SE POR UM LADO as redes neurais podem produzir obras de arte, outro de seus desdobramentos é ainda mais chocante. Olhe para as quatro pessoas na parte inferior da página ao lado e tente adivinhar quantas existem e quantas não. Se respondeu uma, duas ou três, sinto informar, mas errou. Todas foram criadas artificialmente por meio de redes generativas antagônicas — tradução livre de generative adversarial networks (GANs). Essa classe, dentro do que se compreende por machine learning, é capaz de aprender “brincando de polícia e ladrão”, como simplifica o professor da UPE. A máquina extrai dados de uma foto e aplica a outra. Nesse jogo de tira e põe, uma imagem nova é produzida. Assim, ela chega ao cúmulo de apresentar rostos realistas — até familiares — que não existem. Prato cheio para a desinformação, ainda que alguns digam que elas são apenas para ilustrar um conteúdo qualquer.

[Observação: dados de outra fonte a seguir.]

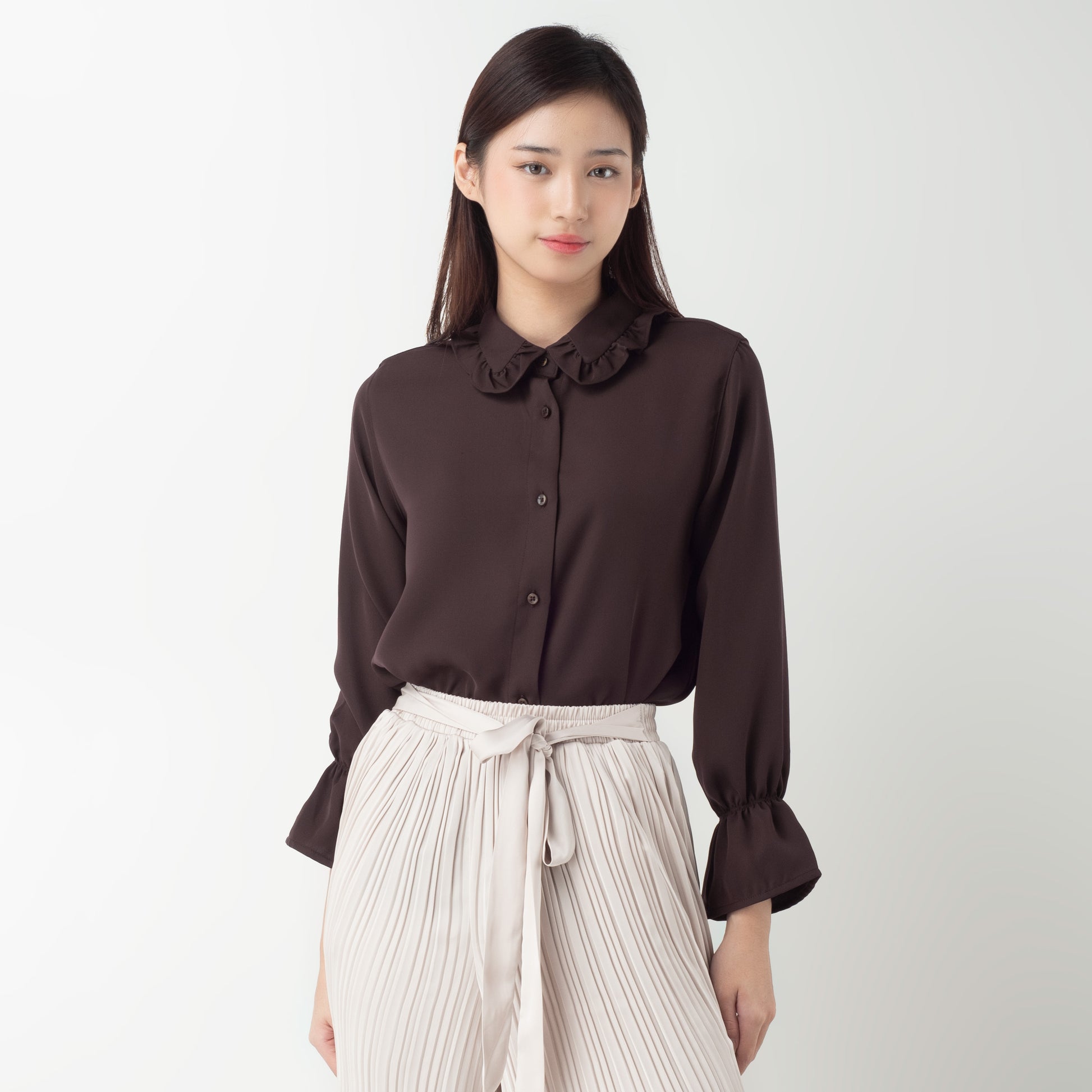 Kemeja ini mempunyai krah peterpan collar, lengan model ruffle dan kancing Full Aktif.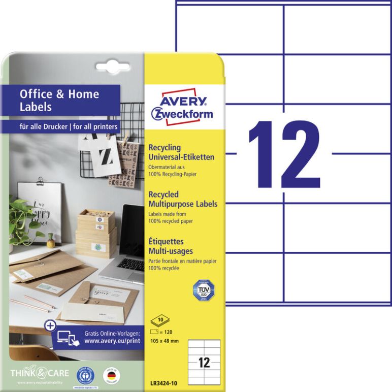 120 AVERY Zweckform Etiketten LR3424-10 weiß 105,0 x 48,0 mm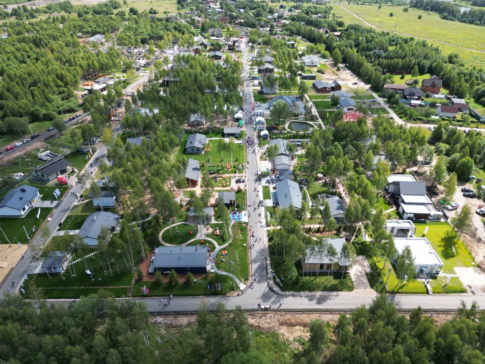 В части поселка реализуется концепция курортного проживания с арендными домами, развлечениями, обучением на улице мастеров, банными улицами и отдельно жилым кластером.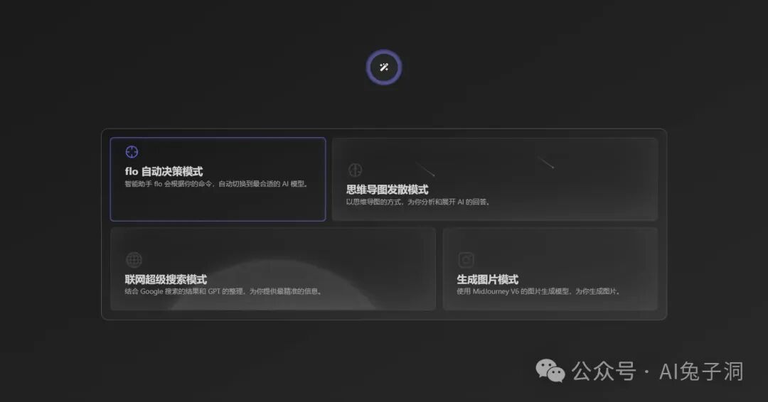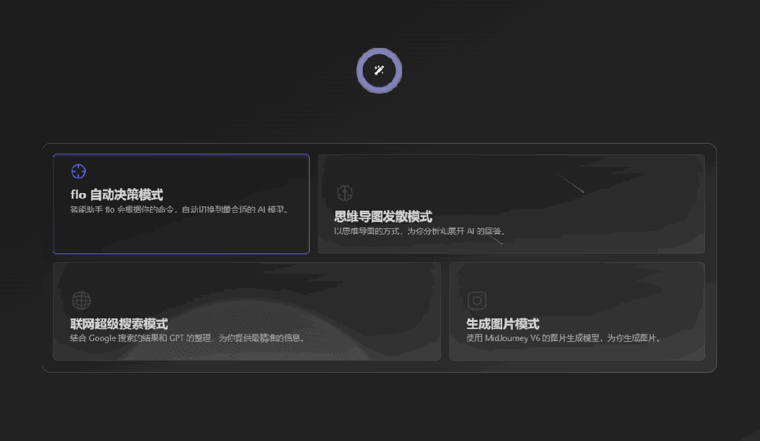 flowith提供四种使用场景,也可以说是四种交互模式,分别是✨自动决策模式、🧠思维导图发散模式、🌏联网超级搜索模式、📷生成图片模式。

Qual a chance de uma imagem gerada por IA ser tão parecida com uma pessoa, a ponto de lhe causar problemas? “As bases que a ferramenta usa são conhecidas”, diz Bruno Fernandes, descartando a hipótese de roubo de imagens. Mas não rechaça a eventualidade, ainda que remota. Ensina quais pontos podem denunciar possíveis fraudes: “Olhos, cabelos, fundo da imagem e roupas tendem a sair com mais imperfeições em criações artificiais”.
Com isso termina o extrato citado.